LATITUDE is the latitude of the station (in decimal degrees).
LONGITUDE is the longitude of the station (in decimal degrees).
ELEMENT is the element type. See section III for a definition of elements.
FIRSTYEAR is the first year of unflagged data for the given element.
LASTYEAR is the last year of unflagged data for the given element.
From this descrption we can tell that inventory list has most of the information we need to find out what station we'll want to look at. We can use the latitude and longitude to find the stations closest to us, and then we can use the first and years years to a station with records covering a long span of time.
The only question this file leaves us with is what the "ELEMENT" field is, for that it suggests we look at section III. In section III (which we'll look at in more detail later) we find the following description of the main elements:
ELEMENT is the element type. There are five core elements as well as a number
of addition elements.
The five core elements are:
PRCP = Precipitation (tenths of mm)
SNOW = Snowfall (mm)
SNWD = Snow depth (mm)
TMAX = Maximum temperature (tenths of degrees C)

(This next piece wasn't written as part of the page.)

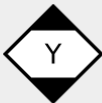
gefährliche Güter in begrenzten Mengen - Luftfracht

TMIN = Minimum temperature (tenths of degrees C)
For our purpose we'll be interested in the TMAX and TMIN elements, which are maximum and minimum temperatures in tenths of degrees Centigrade.
The readme.txt
file tells us what we've got in the inventory file, so we can parse the data into a more usable format. We could just store the parsed inventory data as a list of lists or list of tuples, but it takes only a little more effort to use namedtuple from the collections library to create a custom class with the attributes named.
# parse to named tuples
# use namedtuple to create a custom Inventory class
from collections import namedtuple
Inventory = namedtuple("Inventory", ['station', 'latitude', 'longitude', 'element', 'start', 'end'])
Using the Inventory class we created is very straightforward - we simply need to create each instance from the appropriate values, in this case a parsed row of inventory data.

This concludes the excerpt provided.